Bet 5) Flexibility will vary from location to time. While enabling employees to work remotely will become commonplace throughout 2020, the next wave of flexibility will occur when employees are expected to work.


Gartner's 2020 ReimagineHR Employee Survey revealed that only 36% of employees performed well in organizations with a standard 40-hour workweek. Offering employees flexibility in when, where and how long to work, organizations see 55% of their workforce as high performers. In 2021, we can expect to see an increase in new jobs where employees will be measured by output rather than agreed hours.


Bet 6) Leading companies will make bulk purchases of Covid vaccine for employees and be sued for Covid vaccine requirements. Employers supplying the Covid vaccine to the workforce will use this action as a critical differentiator to attract and retain talent. In line with employers providing the vaccine, companies will face more lawsuits asking their employees to obtain evidence of vaccination before allowing them to return to the workplace. The case will slow down efforts to return to the workplace, even as the use of vaccines increases.


Bet 7) Mental health support is the new normal. Over the past few years, employers have offered enhanced benefits to support their employees, such as extended parental leave. Gartner research revealed that 45% of the welfare budget increases were allocated to mental and emotional well-being programs even before the pandemic. The Covid-19 outbreak has brought welfare to the forefront, as employers are more aware than ever of the impact of mental health on the workplace by employees and the association.
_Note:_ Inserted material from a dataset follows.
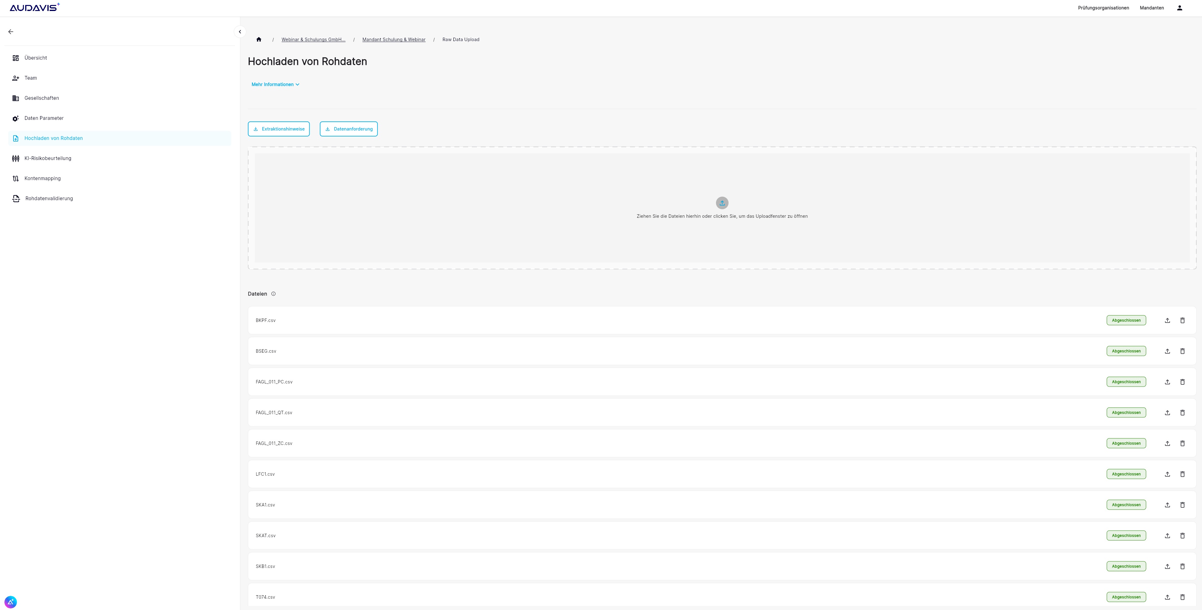 Die KI-Prüfungsplattform AUDAVIS ermöglicht es, bequem per Drag & Drop aus SAP, DATEV, SAGE und vielen anderen ERP- / Buchhaltungssystemen Daten entsprechend den Standardschnittstellen zu laden. Sie automatisiert die gesamte Datenverarbeitung und -validierung für den Prüfer. AUDAVIS automatisiert dabei den gesamten Prozess von der Datenextraktion bis zur Ergebnisbereitstellung innerhalb von Minuten. Dabei erfolgt jeder Schritt auf einer modernen und skalierbaren Plattform, die der Prüfer selbst auf die Bedürfnisse seiner Mandate anpassen kann.

At the end of March, 68% of organizations launched at least one new healthcare aid to assist employees during the pandemic. In 2021, employers will go further by stigmatizing mental health by expanding mental health benefits, creating days to shut down the entire company to offer a "collective mental health day" to raise awareness of this critical issue across the workforce.
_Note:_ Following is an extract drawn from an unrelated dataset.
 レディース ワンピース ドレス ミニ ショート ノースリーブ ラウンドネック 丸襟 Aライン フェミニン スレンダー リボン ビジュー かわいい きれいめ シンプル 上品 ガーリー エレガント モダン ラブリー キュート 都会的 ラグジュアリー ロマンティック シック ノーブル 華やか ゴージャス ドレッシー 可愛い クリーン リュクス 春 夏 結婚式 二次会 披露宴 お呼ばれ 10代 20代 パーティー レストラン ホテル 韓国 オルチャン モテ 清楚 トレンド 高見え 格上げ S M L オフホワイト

Bet 8) Employers will search for talent "on hire" to fill the skills gap. The number of skills employers are looking for has increased significantly - analysis shows that companies listed about 33% more job postings in 2020 than in 2017. As a result, organizations cannot reuse the capabilities of their current workforce quickly enough.


Some companies will stop trying to develop skills for an uncertain future and instead hire and pay a premium for those skills when the need arises. Instead, other companies will expand and contract their conditional use with organizations to recruit or develop their partnerships to "hire" employees for a short period to meet the skill needs they face.
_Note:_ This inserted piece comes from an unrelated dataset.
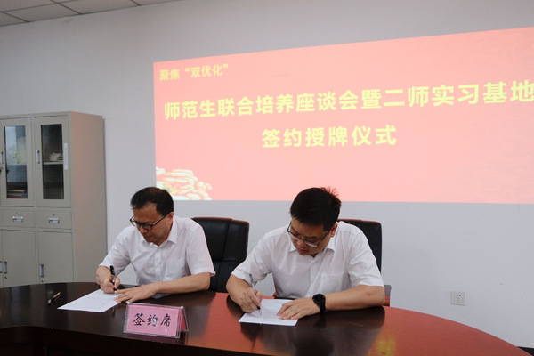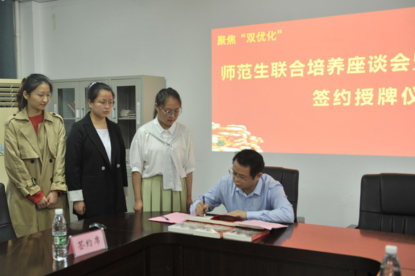 南岳高中余明章校长、建宁高中刘勇红校长均表示,“湖北二师培养的师范生很优秀,师范基础技能很扎实,能快速的适应岗位站稳讲台,校长推介的52份简历很及时,很实效,形式也很新颖。”在师范生联合培养洽谈环节,大家就师范生联合培养,开展“带编制、送岗位、进校园”招聘活动,促进大学生实习实践及职业指导等方面进行了深入地交流并签署合作协议,为教育实习基地授牌。在校友座谈过程中,校长同参会校友代表们就校友发展情况、人才培养建议、母校发展建议等方面进行了热烈的交流。校友们表示,校长能在他们毕业多年赴现工作单位看望他们、关心他们成长,内心非常感激。

Bet 9) States will compete to attract individual talent rather than trying to relocate companies. States and cities have historically provided incentives to enable companies to move into their jurisdiction. The belief is that if you can encourage companies to come, they will bring business with them. The new era of remote and hybrid work will develop this strategy where employees' lives will be less dependent on their employer's location than ever before.

Given this deterioration of the company's location and employee position, US states and cities will begin to use tax policies to create incentives for individuals to move into their jurisdiction, rather than just granting tax credits to large corporations to relocate. We see new programs in cities like Topeka, KS, and Tulsa, OK, bidding remote workers up to $15,000 to move there. These jurisdictions will compete for individual employees and their jobs, not just for the employer.


While 2020 is the most turbulent year in modern history, it would be mistaken to think that the setbacks are over. Instead, as we move into 2021 and beyond, the rate of cuts will potentially accelerate as the effects of 2020 will continue over the next few years.